Türkiye’ye operasyon
Sembollerin ve görüntülerin yönettiği bir dünyada yaşıyoruz. Bunların en etkili olduğu yerler de maalesef Müslümanların yaşadığı bölgeler. Neredeyse bütün her şey sembollerden veya görsellikten ibaret! Sarık sarıp, sakal bıraktığınızda bütün diğer detaylar önemsiz hale geliyor. Hele elinde silahla bir de tekbir getirince kimsenin kafasında bir soru işareti kalmıyor. Sıktığı her kurşun başkasının işine yarıyor olsa da o fotoğraf bütün herkesin aklını ikna etmeye yetiyor.

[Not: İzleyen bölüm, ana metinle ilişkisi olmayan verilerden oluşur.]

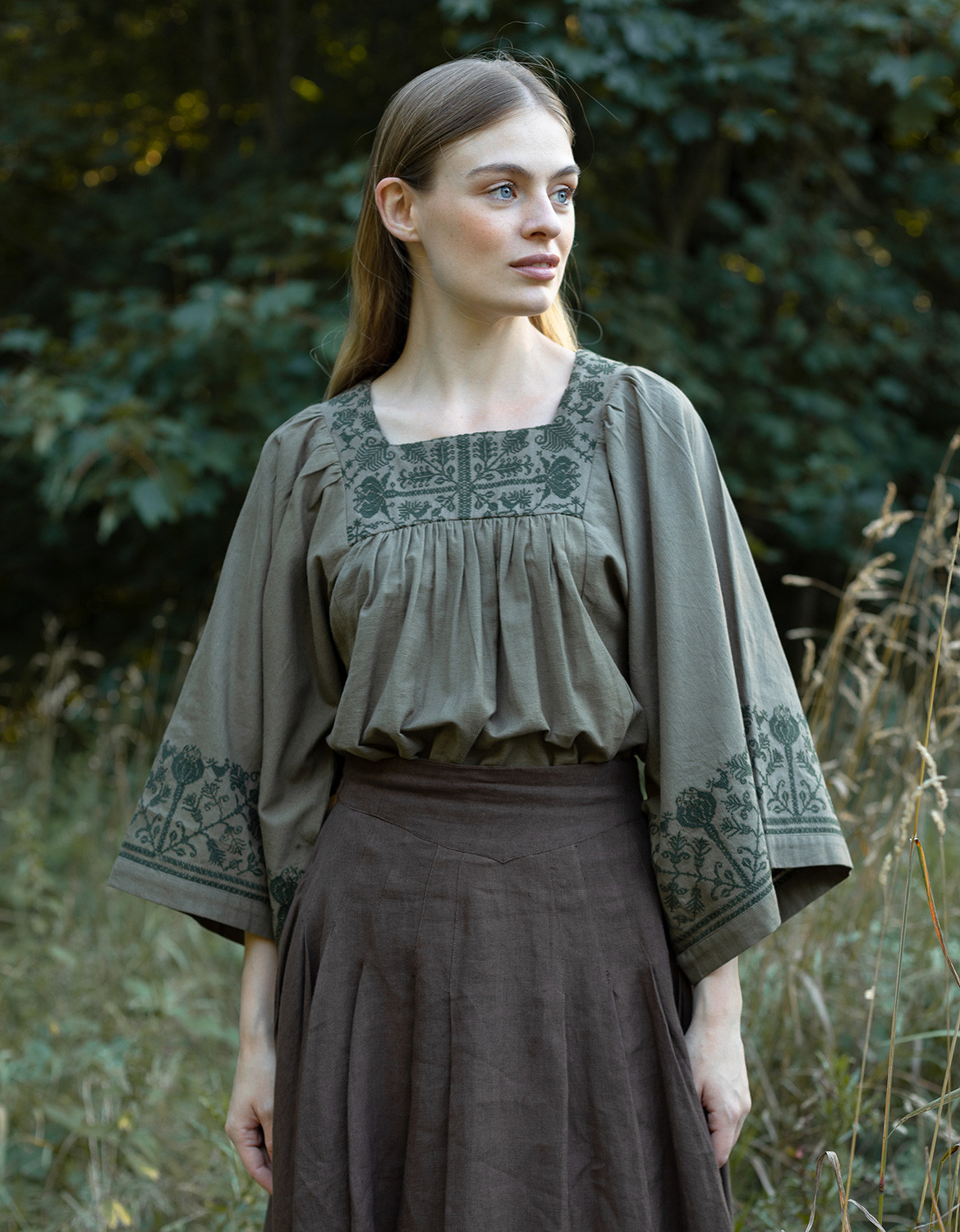 Description : Haut en coton bio avec manches ¾ évasées, décorée de somptueuses broderies de style hongrois.
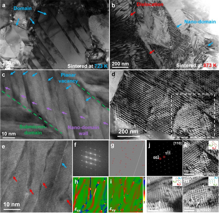 图2. 空位诱导缺陷结构演化的TEM表征。(a,b) 723 K和873 K烧结温度下样品的形貌对比;(c)在(b)图中随机选取一处展示出的纳米畴结构的高分辨TEM图;(d) 一处在873 K烧结样品中观察到的位错网络;(e-i) 随机选取的一处带有位错和空位层缺陷的高分辨TEM及其FFT、IFFT和应变分布图;(j-m) 位错网络的选取电子衍射图及不同g矢量(衍射矢量)方向下的形貌图。

Başörtüsü takmanız size ‘İslamcı’ denmesi için yeterli bir ölçü. Bundan sonra Allah’ı inkâr ediyor olmanızın bile bir önemi yok artık. İki sarık, bir sakal ya da başörtüsü ile birkaç slogan, bütün soruları bir anda ortadan kaldırmaya yetiyor. Elindeki silahı kimin verdiği, sıktığı kurşunun kimin işine geldiği ve bu tarzın İslam’ın ruhuyla ne kadar uyuştuğu sorularıyla kimse ilgilenmiyor.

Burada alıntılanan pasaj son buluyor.